## Your assignment:
Would you reproduce each line below exactly, leaving every picture out?

[Stored records]
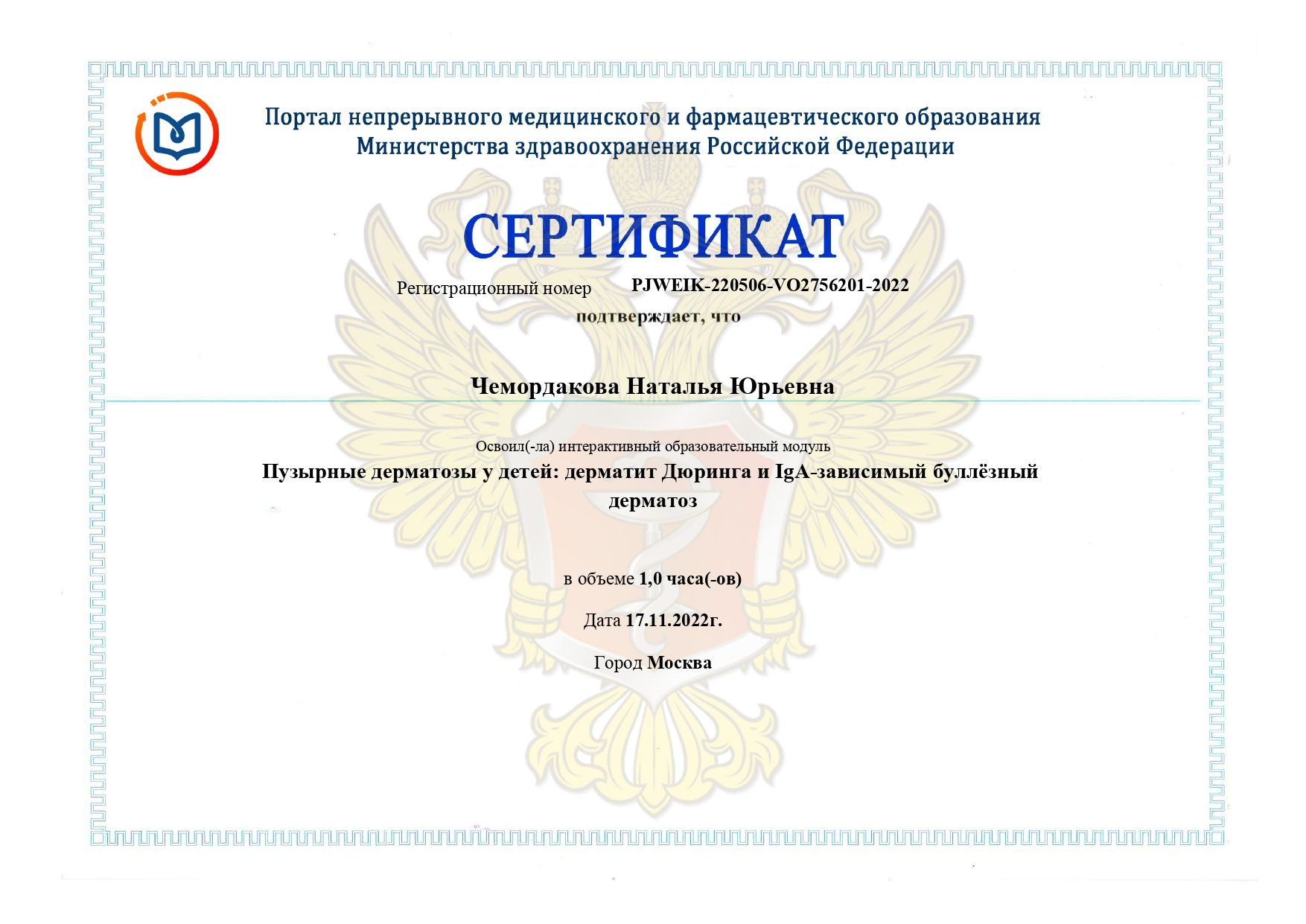 • Сертификат специалиста № 1178270038795 от 20.11.2020, выдан АНО ДПО «Санкт-Петербургский университет повышения квалификации и профессиональной переподготовки» по специальности «Дерматовенерология», действителен по 20.11.2025
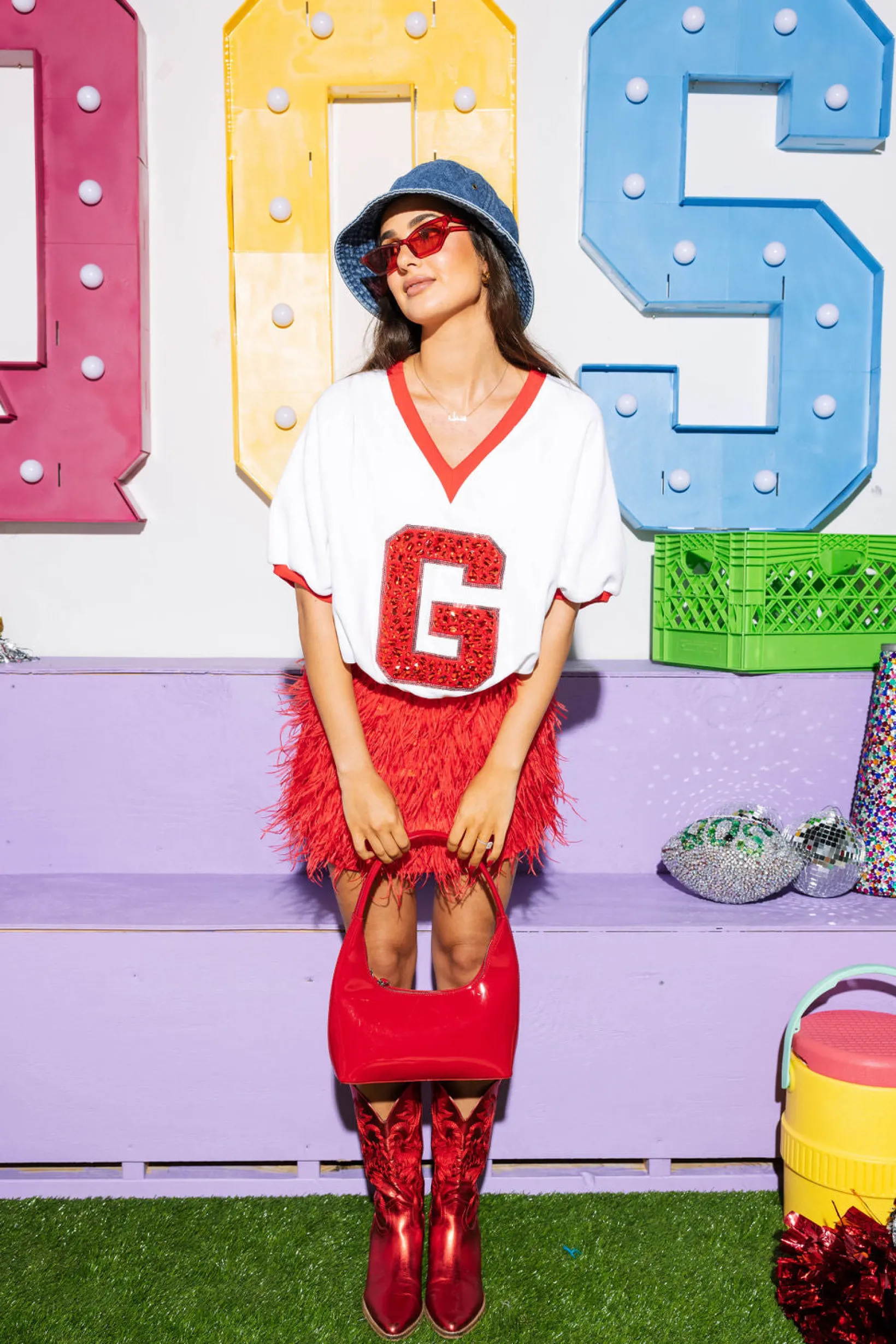 White & Red Jewel ‘G’ Bubble V Neck Top
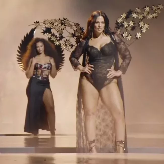 A ícone da moda plus size Ashley Graham desfilou em uma lingerie preta enquanto a cantora japonesa Lisa fazia sua primeira música.
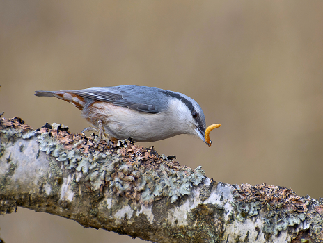 Поползень отыскал мучного червя.
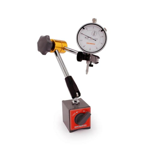 Suporte Magnético Articulado para Relógios Comparadores e Apalpadores Digimess 270.240BNão acompanha Relógio. Coluna e braço articulados, com ajuste fino, facilitando o posicionamento do relógio, Fixação por trava mecânica, Base prismática, para fixação em superfícies planas ou cilíndricas, Dimensões da base de 55x50x69mm, Força magnética de fixação de 60Kgf vertical , Chave liga/desliga do magnético, Altura total de 320mm, Encaixe para canhão ou haste tipo rabo de andorinha de D8mm, Encaixe diretamente nas guias do relógio apalpador,AtençãoA imagem aqui apresentada é meramente ilustrativa e foi fornecida pelo fabricante. Ela não reflete as dimensões reais do produto. Para decisão de compra considerar a descrição e especificação técnica do produto.
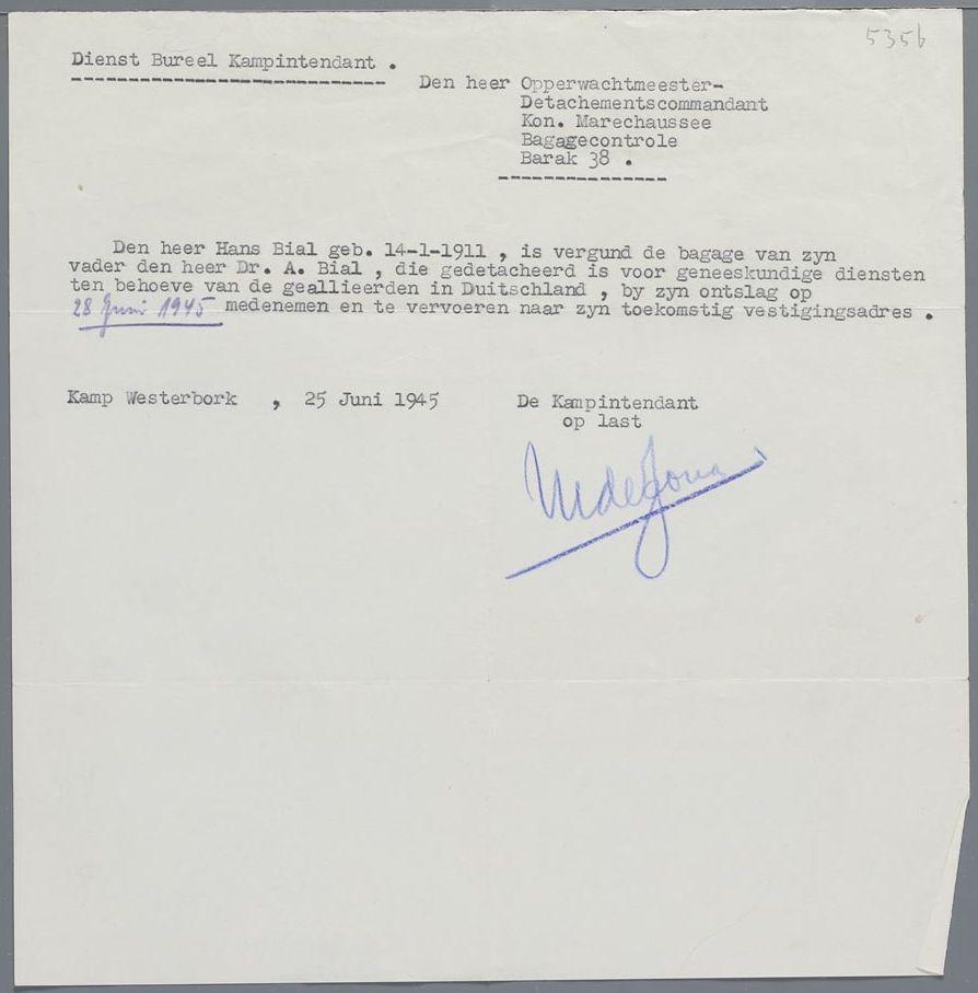 Verklaring dat Hans Bial de bagage van zijn vader A. Bial uit kamp Westerbork mag meenemen, juni 1945
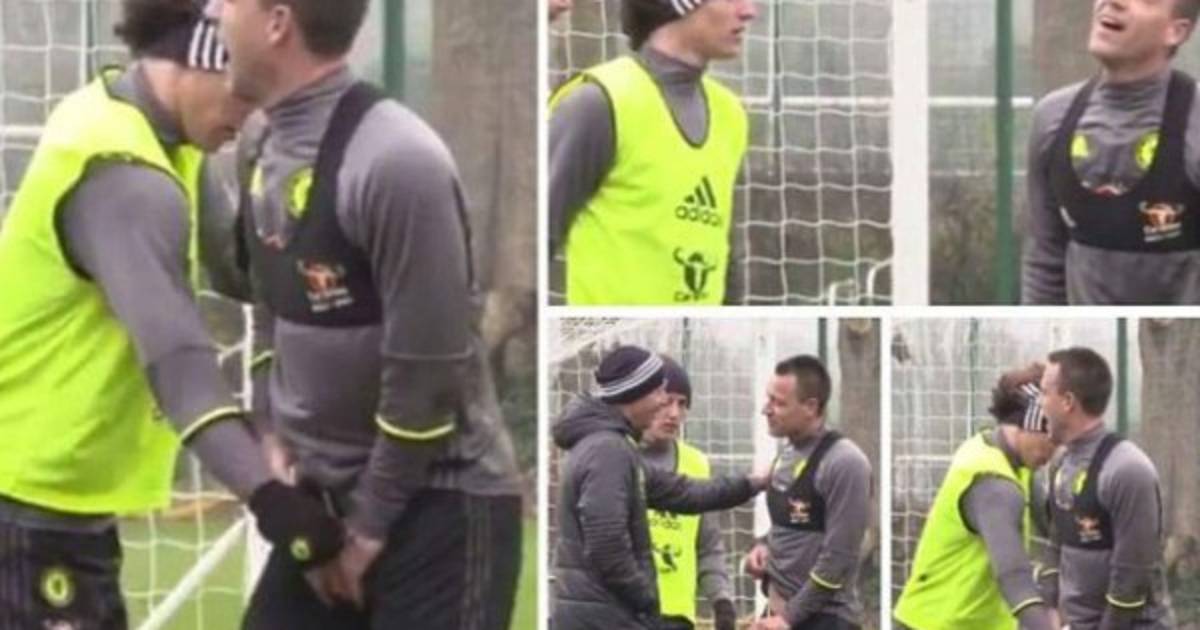 bromita a su líder John Terry, durante una sesión de entrenamiento.
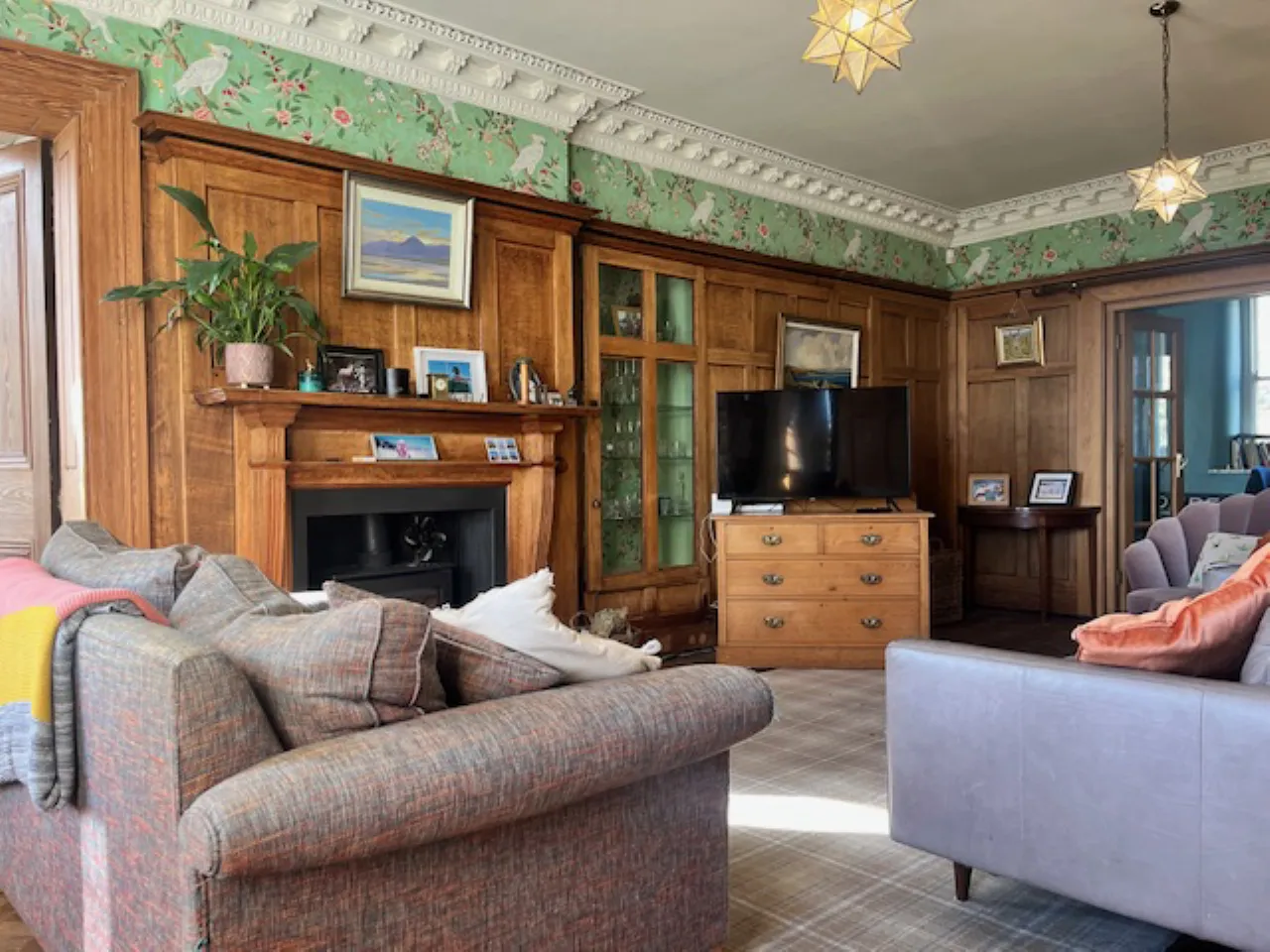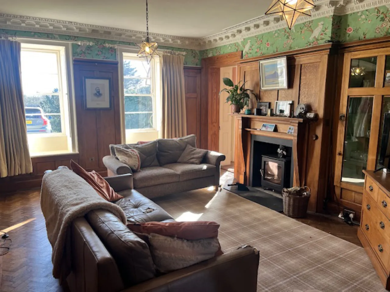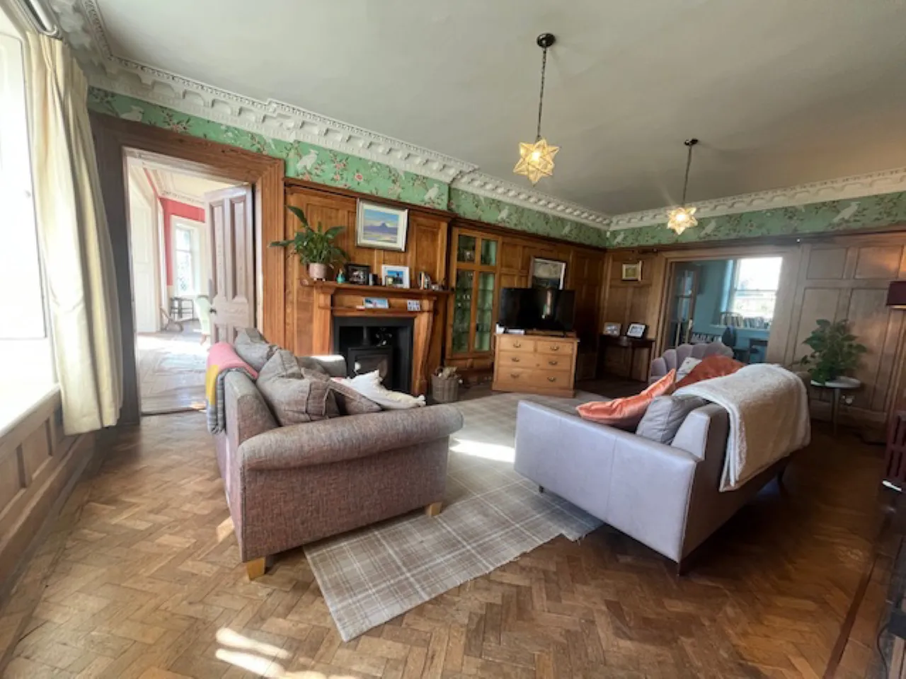 Parquet solid wood floor, wall panelling, corniced ceiling, open fire with carved wood surround, copper inset, tiled hearth.
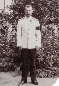 Царь Николай II в военном мундире с орденом и траурной повязкой. Дания. Бернсторф. 1899 г. 10 х 14,3 см. На самом снимке вытеснена фамилия фотографа. 28 июня 1899 года, в возрасте 28 лет, скончался наследник цесаревич Георгий Александрович Романов, брат Николая II и третий сын Александра III и Марии Федоровны. Cо следами отклеивания из альбома. Оторван правый уголок прим. на 1 см.

## Written solution:
 • Сертификат специалиста № 1178270038795 от 20.11.2020, выдан АНО ДПО «Санкт-Петербургский университет повышения квалификации и профессиональной переподготовки» по специальности «Дерматовенерология», действителен по 20.11.2025
 White & Red Jewel ‘G’ Bubble V Neck Top
 A ícone da moda plus size Ashley Graham desfilou em uma lingerie preta enquanto a cantora japonesa Lisa fazia sua primeira música.
 Поползень отыскал мучного червя.
 Suporte Magnético Articulado para Relógios Comparadores e Apalpadores Digimess 270.240BNão acompanha Relógio. Coluna e braço articulados, com ajuste fino, facilitando o posicionamento do relógio, Fixação por trava mecânica, Base prismática, para fixação em superfícies planas ou cilíndricas, Dimensões da base de 55x50x69mm, Força magnética de fixação de 60Kgf vertical , Chave liga/desliga do magnético, Altura total de 320mm, Encaixe para canhão ou haste tipo rabo de andorinha de D8mm, Encaixe diretamente nas guias do relógio apalpador,AtençãoA imagem aqui apresentada é meramente ilustrativa e foi fornecida pelo fabricante. Ela não reflete as dimensões reais do produto. Para decisão de compra considerar a descrição e especificação técnica do produto.
 Verklaring dat Hans Bial de bagage van zijn vader A. Bial uit kamp Westerbork mag meenemen, juni 1945
 bromita a su líder John Terry, durante una sesión de entrenamiento.
 Parquet solid wood floor, wall panelling, corniced ceiling, open fire with carved wood surround, copper inset, tiled hearth.
 Царь Николай II в военном мундире с орденом и траурной повязкой. Дания. Бернсторф. 1899 г. 10 х 14,3 см. На самом снимке вытеснена фамилия фотографа. 28 июня 1899 года, в возрасте 28 лет, скончался наследник цесаревич Георгий Александрович Романов, брат Николая II и третий сын Александра III и Марии Федоровны. Cо следами отклеивания из альбома. Оторван правый уголок прим. на 1 см.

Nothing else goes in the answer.